◆ **Exercise details**: Below is a listing. Return the lines from the one that contains "Collier Plaque Or" to the one that contains "エスタのシャツ/ブラウス「【Beauty&Habit】ロゴ バンドカラーシャツ ノーカラー」を使ったコーディネート", both ends included, verbatim and with no pictures.

◆ **Study material**:
****************************************
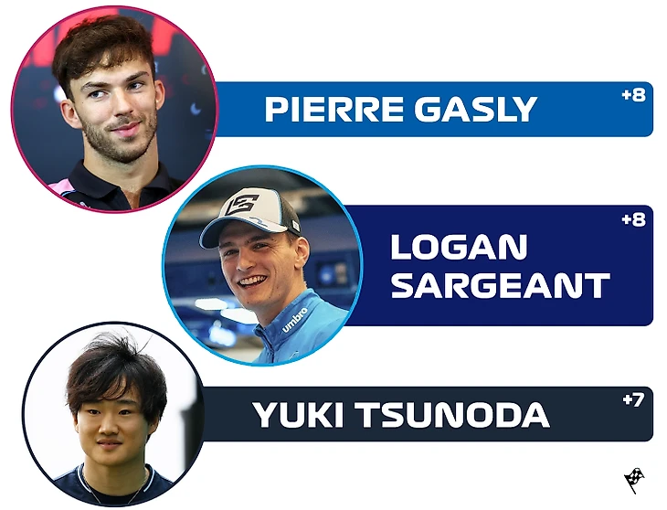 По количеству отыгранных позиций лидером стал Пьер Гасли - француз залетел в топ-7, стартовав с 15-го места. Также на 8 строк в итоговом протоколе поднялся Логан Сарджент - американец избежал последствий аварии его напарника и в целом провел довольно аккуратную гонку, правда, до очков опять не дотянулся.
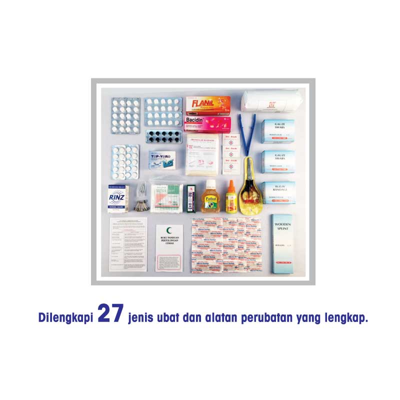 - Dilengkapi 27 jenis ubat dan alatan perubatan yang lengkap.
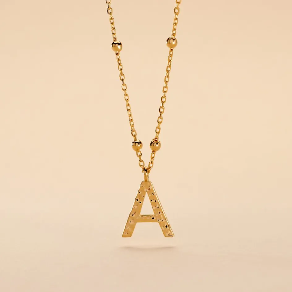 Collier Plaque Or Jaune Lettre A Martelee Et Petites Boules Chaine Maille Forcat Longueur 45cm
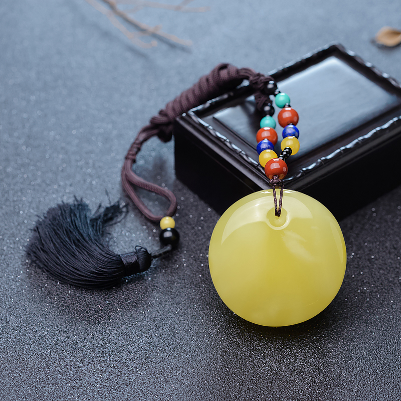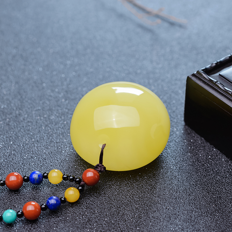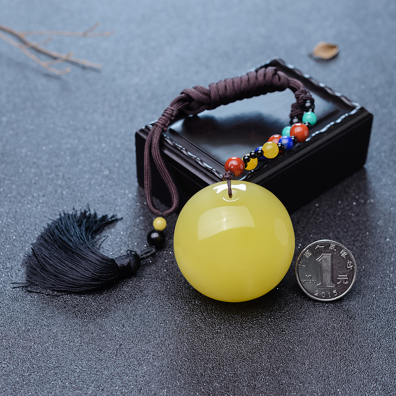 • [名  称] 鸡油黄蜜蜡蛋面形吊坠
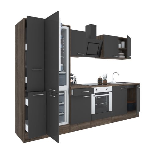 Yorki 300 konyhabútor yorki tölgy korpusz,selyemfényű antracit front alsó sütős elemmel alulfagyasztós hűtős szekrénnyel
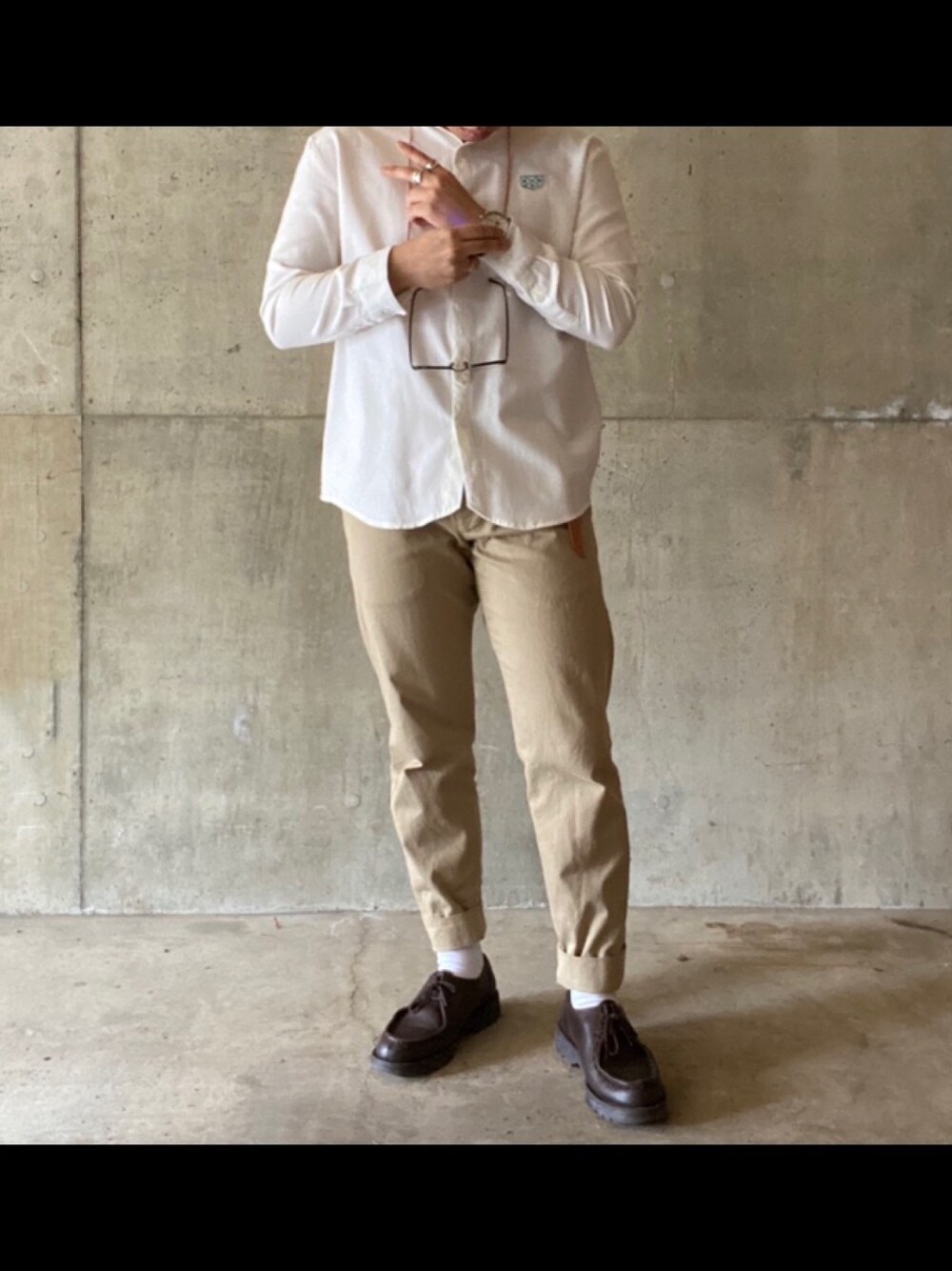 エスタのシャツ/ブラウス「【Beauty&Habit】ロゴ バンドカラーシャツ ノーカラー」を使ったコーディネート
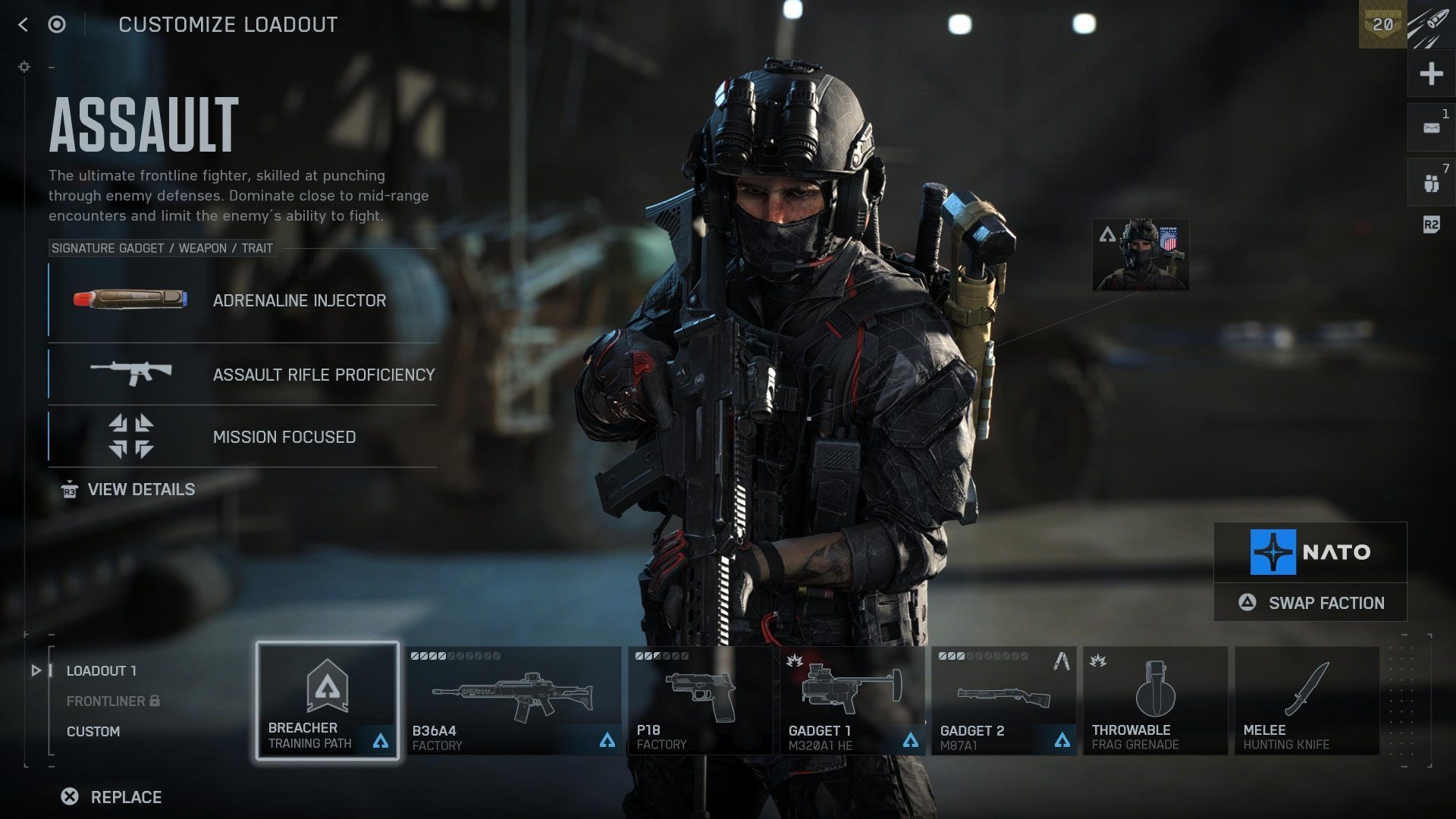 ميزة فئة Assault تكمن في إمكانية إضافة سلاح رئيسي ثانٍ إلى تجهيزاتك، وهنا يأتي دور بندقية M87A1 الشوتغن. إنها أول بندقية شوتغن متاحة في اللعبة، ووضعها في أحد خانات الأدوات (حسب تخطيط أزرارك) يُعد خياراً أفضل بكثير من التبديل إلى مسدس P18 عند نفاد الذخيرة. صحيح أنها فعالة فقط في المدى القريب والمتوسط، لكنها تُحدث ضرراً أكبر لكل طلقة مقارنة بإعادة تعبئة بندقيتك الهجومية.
****************************************
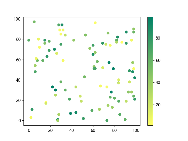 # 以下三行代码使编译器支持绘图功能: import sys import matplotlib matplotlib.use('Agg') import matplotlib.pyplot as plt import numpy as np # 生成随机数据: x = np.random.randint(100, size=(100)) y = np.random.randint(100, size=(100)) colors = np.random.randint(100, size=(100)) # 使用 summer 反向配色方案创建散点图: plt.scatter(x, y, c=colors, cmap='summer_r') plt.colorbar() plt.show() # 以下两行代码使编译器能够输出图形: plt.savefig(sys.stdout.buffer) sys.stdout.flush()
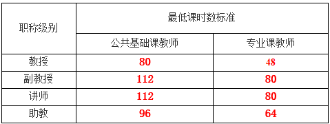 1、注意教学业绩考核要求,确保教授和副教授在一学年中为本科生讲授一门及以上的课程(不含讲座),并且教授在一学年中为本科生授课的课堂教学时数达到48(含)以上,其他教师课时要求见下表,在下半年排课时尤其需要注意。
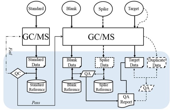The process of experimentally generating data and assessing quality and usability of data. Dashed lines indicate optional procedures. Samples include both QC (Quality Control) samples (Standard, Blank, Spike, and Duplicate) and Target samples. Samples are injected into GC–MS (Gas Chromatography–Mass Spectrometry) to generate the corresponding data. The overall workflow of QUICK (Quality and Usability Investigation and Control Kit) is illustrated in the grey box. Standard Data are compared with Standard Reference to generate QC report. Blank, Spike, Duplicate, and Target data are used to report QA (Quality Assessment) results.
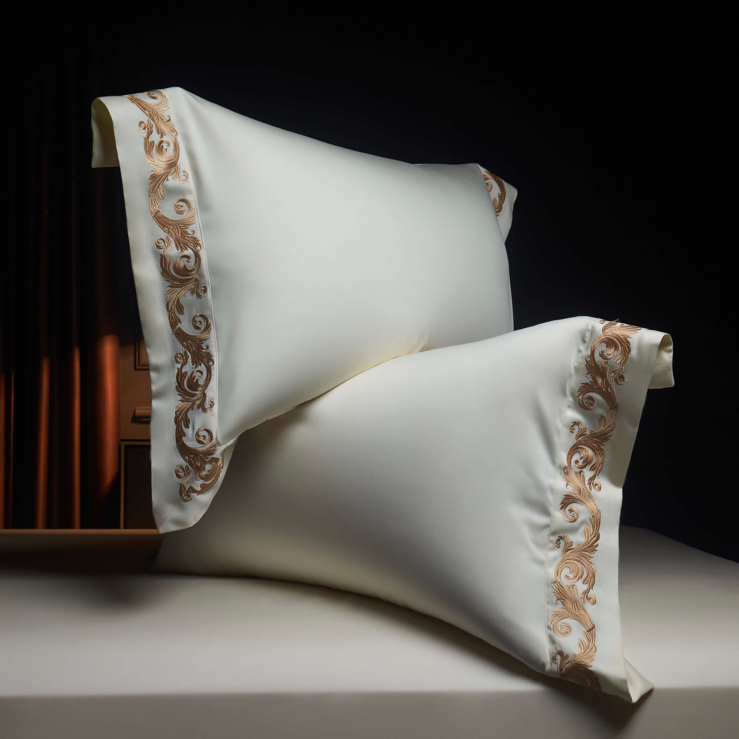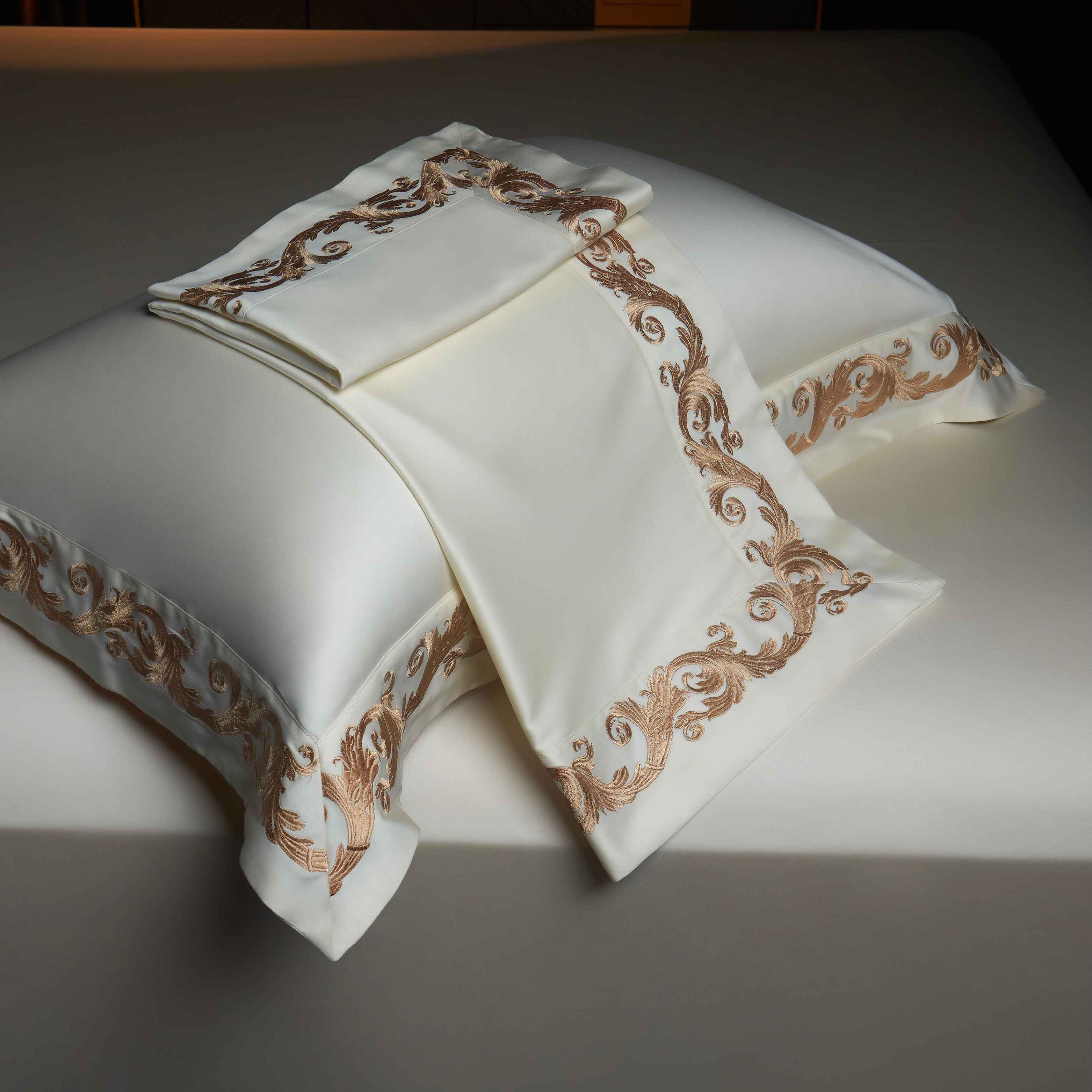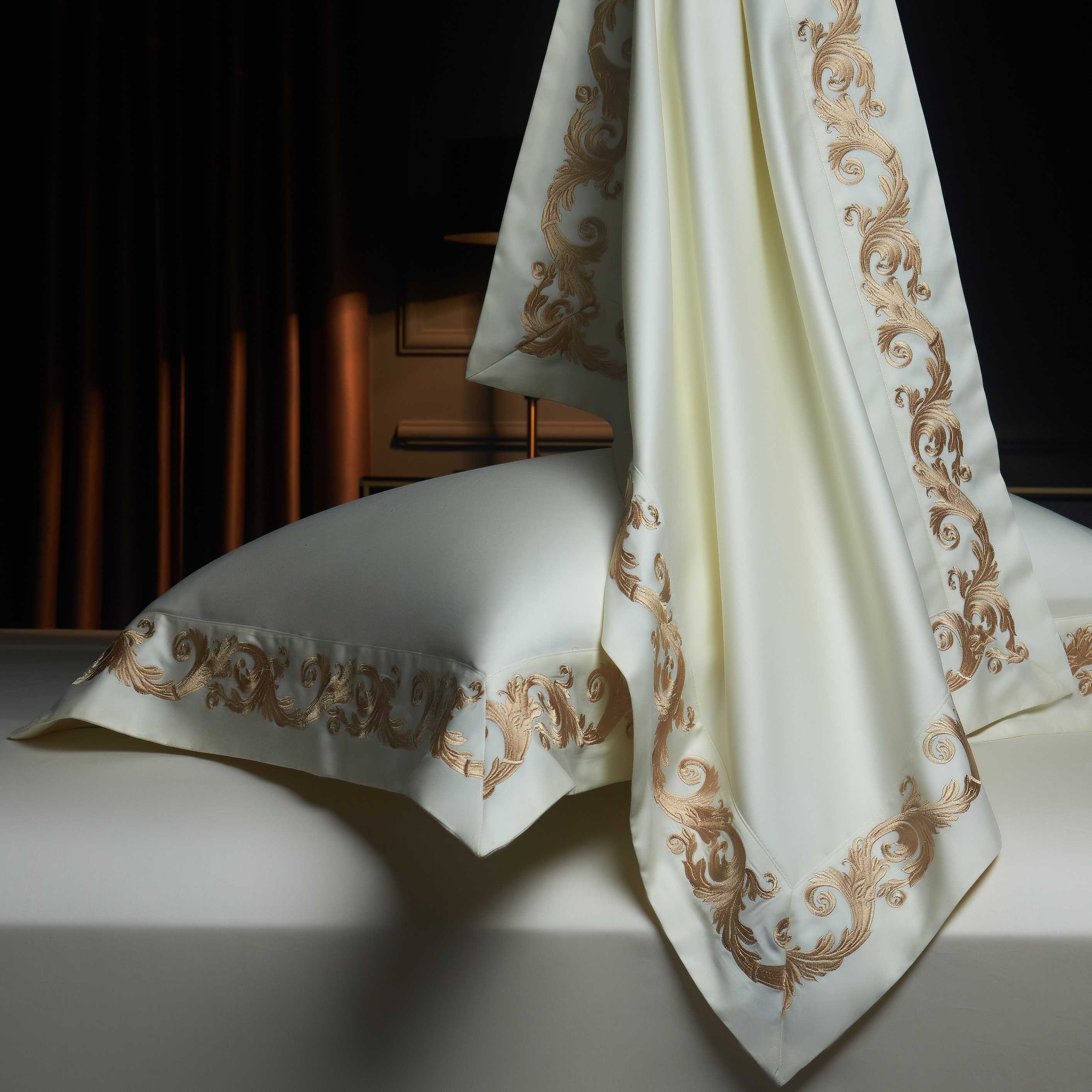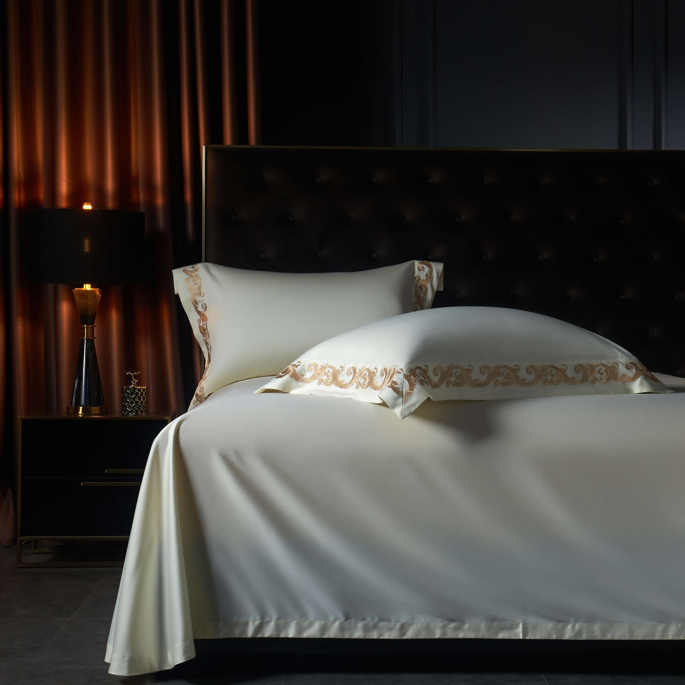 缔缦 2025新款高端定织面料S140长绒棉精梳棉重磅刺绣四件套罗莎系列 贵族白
****************************************
◆ **Written solution**:
 Collier Plaque Or Jaune Lettre A Martelee Et Petites Boules Chaine Maille Forcat Longueur 45cm
 • [名  称] 鸡油黄蜜蜡蛋面形吊坠
 Yorki 300 konyhabútor yorki tölgy korpusz,selyemfényű antracit front alsó sütős elemmel alulfagyasztós hűtős szekrénnyel
 エスタのシャツ/ブラウス「【Beauty&Habit】ロゴ バンドカラーシャツ ノーカラー」を使ったコーディネート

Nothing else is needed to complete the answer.